All of the data should be restated word for word, with the pictures omitted.

# Dataset extract
>>>>>
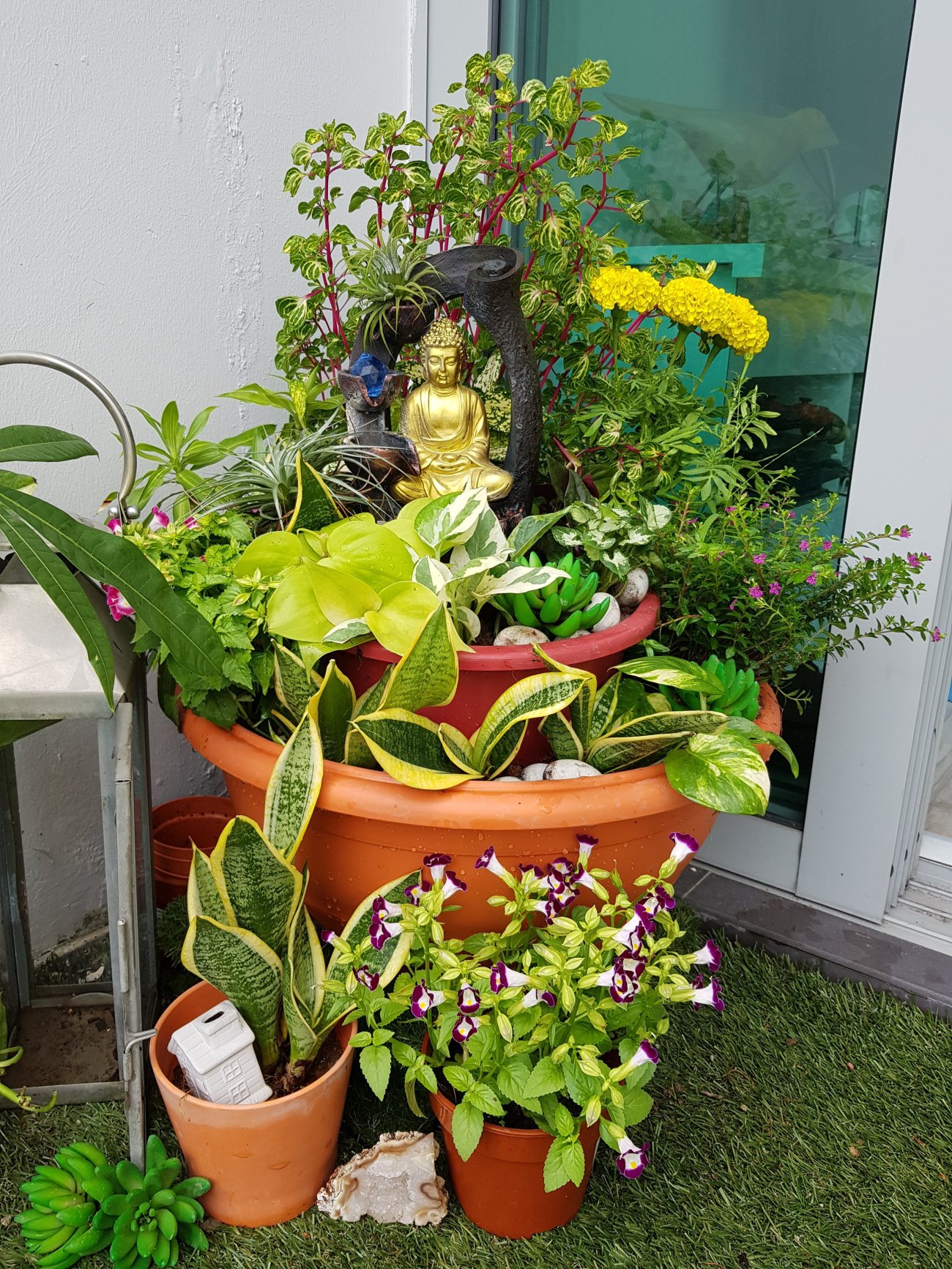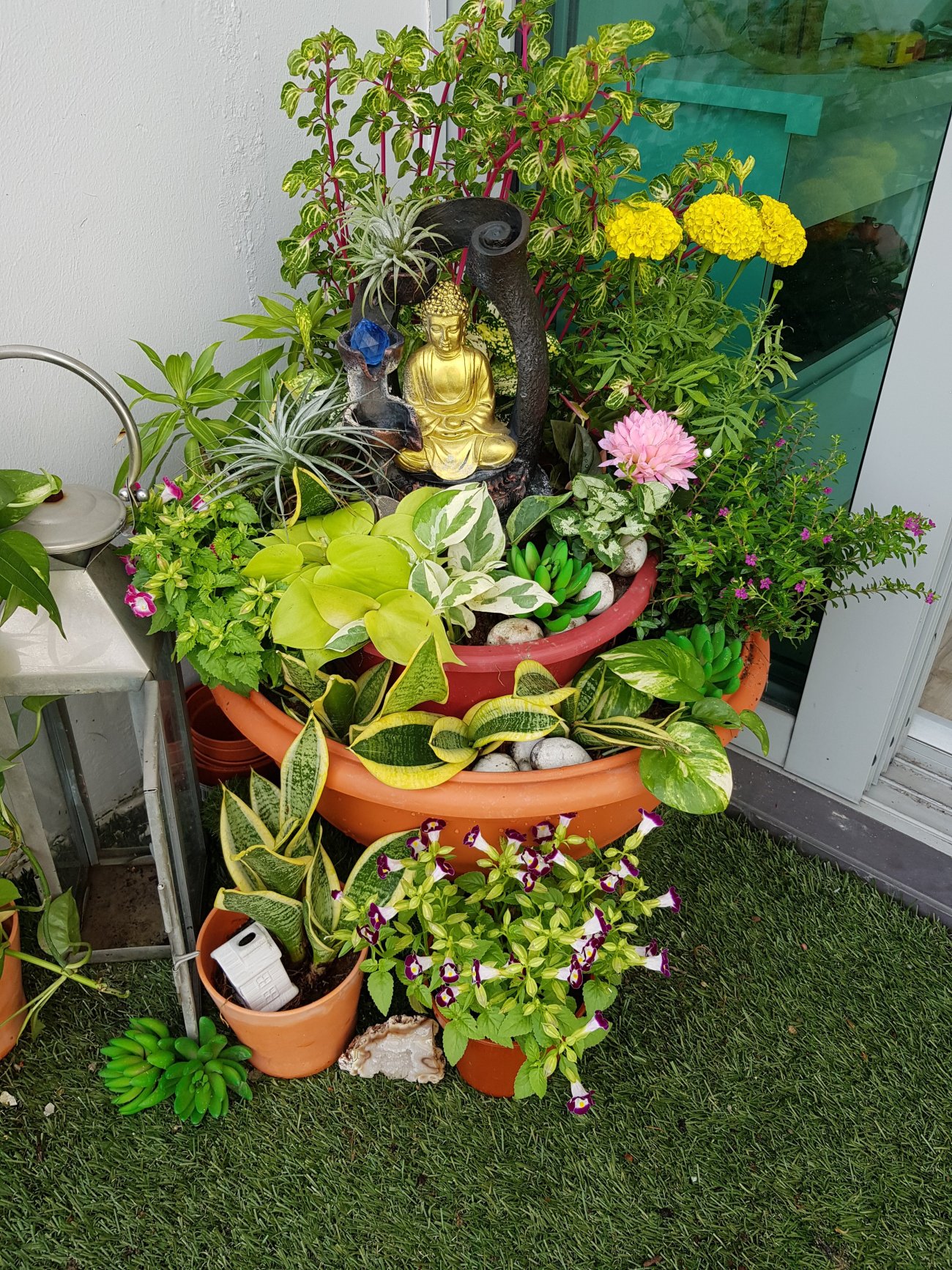 In my instance, the statue is a centre piece and the plants and flowers are like offerings. Hope this zen garden will inspire my meditation in the balcony!
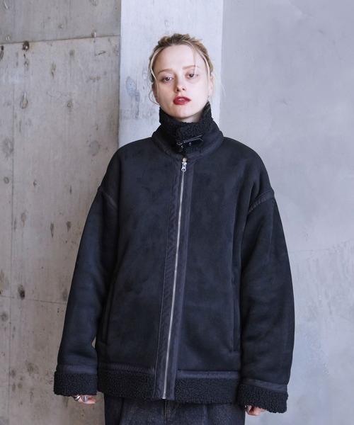 【ボア素材のボリュームアウター】ボンバージャケット ■素材 表面がスウェードで裏面は毛足が長くボリューム感のあるボア素材を使用しています。 ■デザイン・シルエット 襟は裏側にチンストラップがついているので、スタンドカラーにしてベルトを留めるような着用方法も可能になっています。 襟や袖先、裾はボアが表から見える切替デザインがアクセントになっていてボリューム感のあるデザインになっています。 シルエットは大きめのシルエットになっていますが、ボアで内側のボリュームがある分、着心地は見た目に比べて少し小さめに感じると思います。 デザイン的にユニセックスで着用しやすいデザインになっています。 ■カラー ブラックとブラウンの2色展開です。 ■スタイリング スタンダードにデニムやカラーパンツ系と相性が良いです。 キレイめなスタイリングならタートルネックをインナーなどに入れたシンプルなスタイリングがオススメです。 裏地:なし 透け感:なし 伸縮性:なし 生地感・厚さ:厚め ポケット:有り その他仕様:なし 【モデル着用サイズ】 MEN:身長177cm 着用サイズL WOMEN:身長175cm 着用サイズL ※撮影場所やライティング、お使いのモニター環境によって色の見え方が異なる場合がございます。 ※画像の商品はサンプルです。 実際の商品と仕様、加工、サイズが異なる場合がございます。
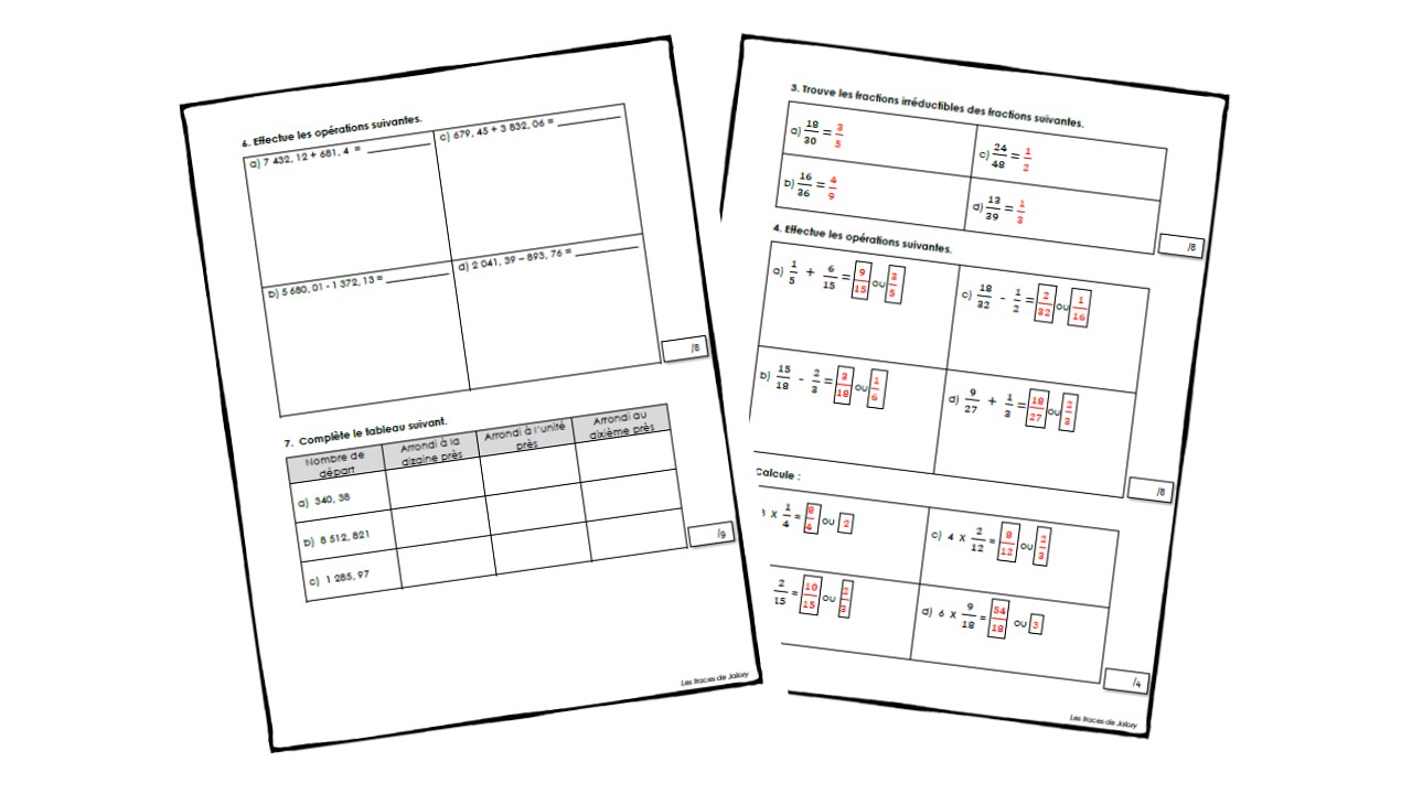 Cette évaluation porte sur les fractions, le temps, les nombres décimaux et l’arrondissement. Elle s’adresse aux élèves de 6ème année. Un corrigé vous est fourni.
<<<<<
# Exercise answer
 In my instance, the statue is a centre piece and the plants and flowers are like offerings. Hope this zen garden will inspire my meditation in the balcony!
 【ボア素材のボリュームアウター】ボンバージャケット ■素材 表面がスウェードで裏面は毛足が長くボリューム感のあるボア素材を使用しています。 ■デザイン・シルエット 襟は裏側にチンストラップがついているので、スタンドカラーにしてベルトを留めるような着用方法も可能になっています。 襟や袖先、裾はボアが表から見える切替デザインがアクセントになっていてボリューム感のあるデザインになっています。 シルエットは大きめのシルエットになっていますが、ボアで内側のボリュームがある分、着心地は見た目に比べて少し小さめに感じると思います。 デザイン的にユニセックスで着用しやすいデザインになっています。 ■カラー ブラックとブラウンの2色展開です。 ■スタイリング スタンダードにデニムやカラーパンツ系と相性が良いです。 キレイめなスタイリングならタートルネックをインナーなどに入れたシンプルなスタイリングがオススメです。 裏地:なし 透け感:なし 伸縮性:なし 生地感・厚さ:厚め ポケット:有り その他仕様:なし 【モデル着用サイズ】 MEN:身長177cm 着用サイズL WOMEN:身長175cm 着用サイズL ※撮影場所やライティング、お使いのモニター環境によって色の見え方が異なる場合がございます。 ※画像の商品はサンプルです。 実際の商品と仕様、加工、サイズが異なる場合がございます。
 Cette évaluation porte sur les fractions, le temps, les nombres décimaux et l’arrondissement. Elle s’adresse aux élèves de 6ème année. Un corrigé vous est fourni.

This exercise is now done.